Bernie stepped back, hugged the wall. I hugged the wall with him. I got the idea, even kind of remembered us doing it once before: the old hiding-behind-the-opened-door trick. I loved tricks! Next the door would open, and in would stroll whoever was strolling in, with us meanwhile hidden behind the door so the newcomer would just keep strolling, maybe whistling to himself the way humans sometimes did when they thought they were all alone, and then out the door we’d scoot, me and Bernie, into the night and gone.
But that wasn’t what happened; none of it. First, I heard those footsteps again, now clack-clacking not above us but on our level. Then—it sounded like Claudie—came shouting: “What the hell?” An instant later, alarms went off and a red light over the door began flashing. The door itself made a loud firm click. Bernie grabbed the handle and tried to turn it, but it wouldn’t turn.
On the other side, the judge said, “What’s going on?”
Bernie pivoted, facing back down the corridor. At about the same time, Mack and Claudie came running around the corner. Claudie—he had a bandage wrapped around his head, nice to see—was reaching for the gun on his hip and Mack was waving a nightstick. We were trapped, a feeling I hated. But Bernie and I could handle these dudes, no problem, as long as I took Claudie down before he brought that gun into play.

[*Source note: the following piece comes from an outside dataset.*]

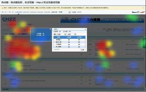 CNZZ統(tǒng)計(jì)工具在設(shè)計(jì)及研發(fā)上更加注重用戶體驗(yàn)與實(shí)用性,用戶只需將關(guān)注的受訪頁面鏈接添加到“熱點(diǎn)圖”功能中,并保證該頁面已成功放置CNZZ“站長統(tǒng)計(jì)”代碼,第二天即可查看“熱點(diǎn)圖”相關(guān)數(shù)據(jù)情況。在申請開通“熱點(diǎn)圖”功能后,用戶可同時關(guān)注十個熱點(diǎn)頁面。打開某一頁面熱點(diǎn)圖,興趣點(diǎn)展現(xiàn)一目了然,圖中紅色區(qū)域表示點(diǎn)擊熱度最高,橙色、黃色、綠色次之,而藍(lán)色區(qū)域則表示點(diǎn)擊熱度最低。

I charged forward, full speed.
“No, Chet!”
That was Bernie, saying something behind me, something I didn’t quite catch. I bounded toward those two deputies, bad guys for sure despite the stars twinkling on their chests. Growling started up—wild, savage, dangerous; that was me, bucko, better believe it. Mack and Claudie skidded to a stop, their eyes widening in fear, no doubt about it and no surprise: that growling was coming close to scaring me, kind of crazy. Claudie pulled the gun from his holster, but before he could raise it, I hurled myself on him, front paws right in his face, and teeth bared as much as I could bare them. You’re going down, bad dude, and staying down. I remember having that thought. I also remember catching a glimpse, off to the side, of Mack’s nightstick—it had one of those lead-weighted ends—swinging my way in a hurry.